# [Work item]
Nothing beyond the line containing "One of the many" is to be printed; print exactly each line from the start of the records below through that line, leaving out pictures.

---------- Data ----------

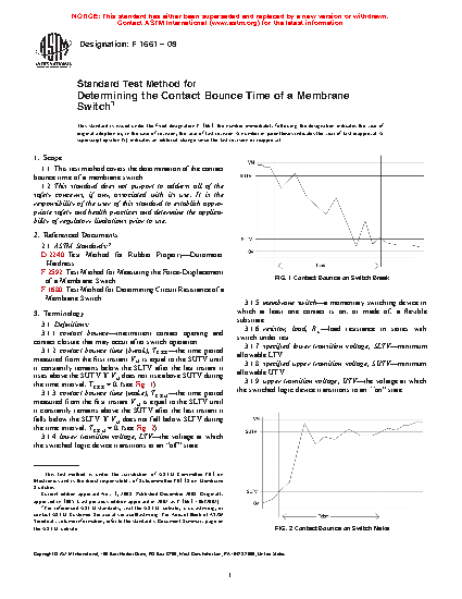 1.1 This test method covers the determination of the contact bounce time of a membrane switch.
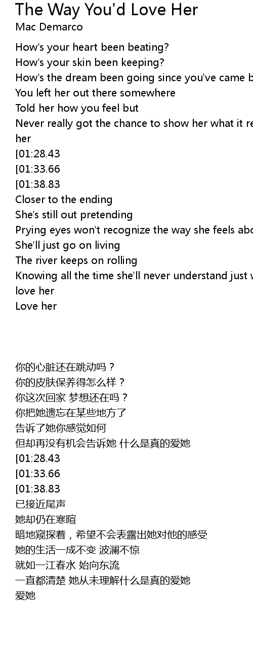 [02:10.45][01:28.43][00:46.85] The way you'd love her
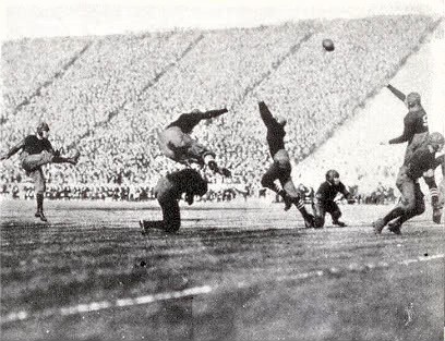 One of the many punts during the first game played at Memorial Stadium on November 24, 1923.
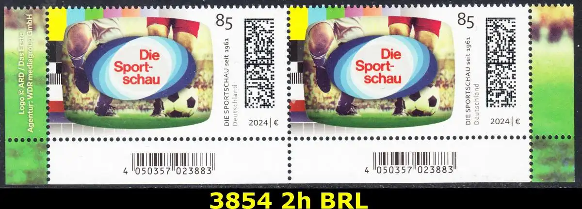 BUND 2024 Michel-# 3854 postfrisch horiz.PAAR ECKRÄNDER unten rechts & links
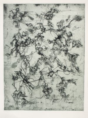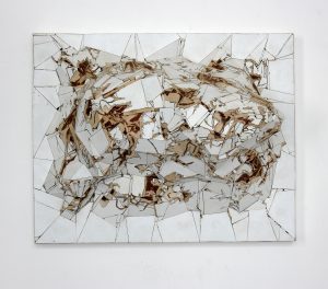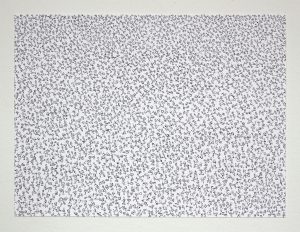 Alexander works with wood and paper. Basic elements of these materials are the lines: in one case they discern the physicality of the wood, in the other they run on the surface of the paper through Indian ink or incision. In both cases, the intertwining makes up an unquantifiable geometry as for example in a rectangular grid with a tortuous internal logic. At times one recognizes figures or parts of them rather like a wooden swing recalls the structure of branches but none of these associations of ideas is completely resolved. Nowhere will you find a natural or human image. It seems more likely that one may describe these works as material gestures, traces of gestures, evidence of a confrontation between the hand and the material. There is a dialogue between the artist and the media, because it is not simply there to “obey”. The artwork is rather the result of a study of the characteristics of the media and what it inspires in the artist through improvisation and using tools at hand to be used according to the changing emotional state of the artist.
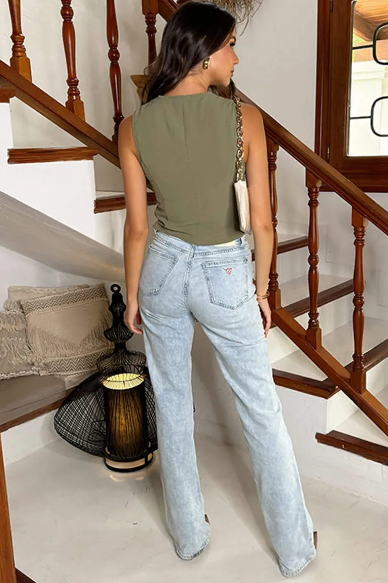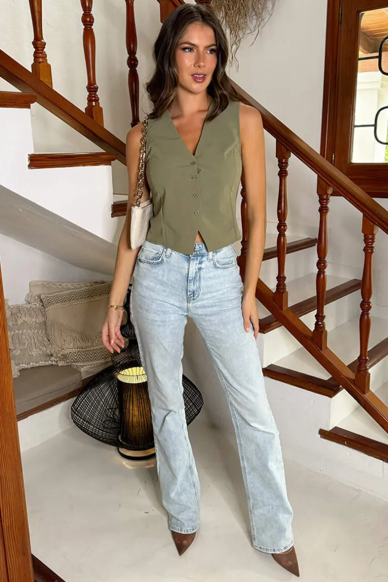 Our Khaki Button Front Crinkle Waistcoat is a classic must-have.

----------

# [Response to the task]
 1.1 This test method covers the determination of the contact bounce time of a membrane switch.
 [02:10.45][01:28.43][00:46.85] The way you'd love her
 One of the many punts during the first game played at Memorial Stadium on November 24, 1923.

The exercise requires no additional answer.